* **Input data**:

——

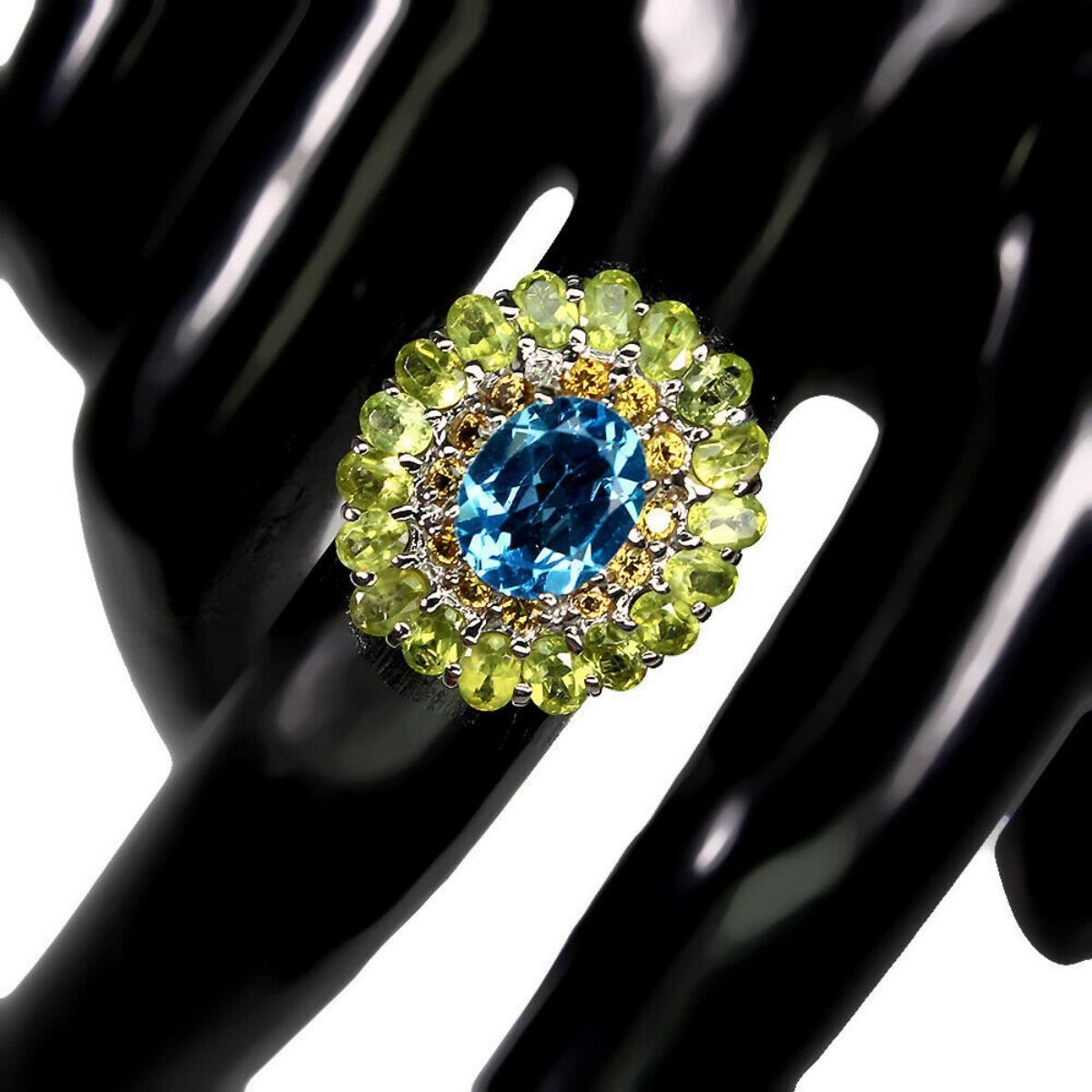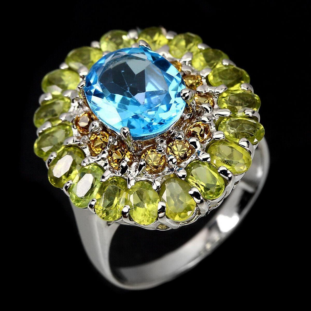 925 STERLING SILVER;PLATE-14K WHITE GOLD;RING SIZE-8(RESIZABLE);MAIN STONE-SWISS BLUE TOPAZ;OTHER GEMS-PERIDOT, SAPPHIRE DIAMOND CUT;TOTAL WEIGHT-6.87 GRAM (TOTAL WEIGHT OF SILVER + STONE);DIMENSION-* STONE 2.0 TO 10.0 X 8.0 MM. * RING SIZE 8.0 * FACE RING 22.0 X 20.0 MM.;MAIN STONE SHAPE-OVAL CUT;MAIN STONE COLOR- SWISS BLUE;CLARITY/GRADE-IF;TREATMENT-HEATED;ORIGIN-AFRICA;HARDNESS-8;
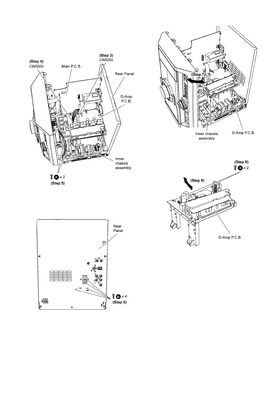 Step 7 Lift up the D-Amp P.C.B. together with the Inner chassis
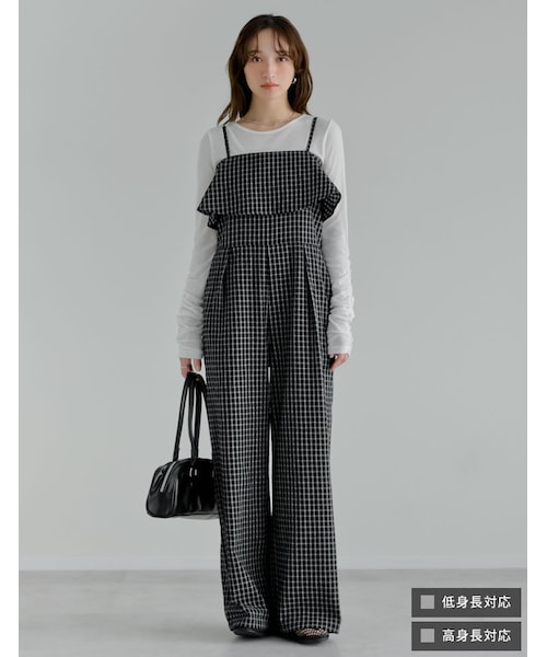 ▼デザイン大人が着られるシック配色チェックで仕上げたキャミオールインワン。ビスチェとパンツを着用しているようなルックスが特徴で、これ1枚で旬の着こなしが完成します。パンツ部分は、タック入りで美脚見えするゆったりとしたシルエットに。上半身は抜け感のあるデザインでメリハリをプラス。脚が長くハイウエストに見えるような絶妙なバランスにこだわりました。バスト後ろ部分にはゴムも入っているため、見た目以上に着心地はストレスフリー。サッカー素材は夏場も涼しく着用でき、暑い季節にもぴったりです。▼コーディネート春先は長袖のTシャツやカットソーを合わせて、夏はカップ付きキャミソールを合わせて1枚での着用はもちろん、軽い羽織りを取り入れるのもおすすめ◎チェック柄ですが、ベースがモノトーンのため、小物やシューズも悩まずコーディネートを楽しんでいただけます。BBQや公園遊び、ちょっとしたレジャー・アウトドア等にもおすすめです。▼素材シボ感のある軽やかなサッカー生地▼低身長向けC(コンパクト)サイズ対応身長150~155cmくらいの方がバランスよく着ていただける丈感のリエディオリジナルサイズです。▼高身長向けT(トール)サイズ対応身長165~170cmくらいの方がバランスよく着ていただける丈感のリエディオリジナルサイズです。▼お取り扱いについて※この製品は摩擦(特に湿った状態での摩擦)や、汗や雨などで濡れた際に、他の衣類や下着(特に白)等に色移りする場合がありますので十分にご注意ください。※色移りした場合は、速やかに洗濯またはクリーニングに出してください。※洗濯やクリーニングの際、多少色落ちすることがありますので、単品洗い、単品クリーニングをしてください。洗剤の量が多いと、色落ちの度合いが高くなりますのでご注意ください。※速やかに脱水、乾燥をしていただけますようお願いいたします。

——

* **Directions**: With the pictures removed, return the listing above in its exact original wording.

* **Answer section**:
 925 STERLING SILVER;PLATE-14K WHITE GOLD;RING SIZE-8(RESIZABLE);MAIN STONE-SWISS BLUE TOPAZ;OTHER GEMS-PERIDOT, SAPPHIRE DIAMOND CUT;TOTAL WEIGHT-6.87 GRAM (TOTAL WEIGHT OF SILVER + STONE);DIMENSION-* STONE 2.0 TO 10.0 X 8.0 MM. * RING SIZE 8.0 * FACE RING 22.0 X 20.0 MM.;MAIN STONE SHAPE-OVAL CUT;MAIN STONE COLOR- SWISS BLUE;CLARITY/GRADE-IF;TREATMENT-HEATED;ORIGIN-AFRICA;HARDNESS-8;
 Step 7 Lift up the D-Amp P.C.B. together with the Inner chassis
 ▼デザイン大人が着られるシック配色チェックで仕上げたキャミオールインワン。ビスチェとパンツを着用しているようなルックスが特徴で、これ1枚で旬の着こなしが完成します。パンツ部分は、タック入りで美脚見えするゆったりとしたシルエットに。上半身は抜け感のあるデザインでメリハリをプラス。脚が長くハイウエストに見えるような絶妙なバランスにこだわりました。バスト後ろ部分にはゴムも入っているため、見た目以上に着心地はストレスフリー。サッカー素材は夏場も涼しく着用でき、暑い季節にもぴったりです。▼コーディネート春先は長袖のTシャツやカットソーを合わせて、夏はカップ付きキャミソールを合わせて1枚での着用はもちろん、軽い羽織りを取り入れるのもおすすめ◎チェック柄ですが、ベースがモノトーンのため、小物やシューズも悩まずコーディネートを楽しんでいただけます。BBQや公園遊び、ちょっとしたレジャー・アウトドア等にもおすすめです。▼素材シボ感のある軽やかなサッカー生地▼低身長向けC(コンパクト)サイズ対応身長150~155cmくらいの方がバランスよく着ていただける丈感のリエディオリジナルサイズです。▼高身長向けT(トール)サイズ対応身長165~170cmくらいの方がバランスよく着ていただける丈感のリエディオリジナルサイズです。▼お取り扱いについて※この製品は摩擦(特に湿った状態での摩擦)や、汗や雨などで濡れた際に、他の衣類や下着(特に白)等に色移りする場合がありますので十分にご注意ください。※色移りした場合は、速やかに洗濯またはクリーニングに出してください。※洗濯やクリーニングの際、多少色落ちすることがありますので、単品洗い、単品クリーニングをしてください。洗剤の量が多いと、色落ちの度合いが高くなりますのでご注意ください。※速やかに脱水、乾燥をしていただけますようお願いいたします。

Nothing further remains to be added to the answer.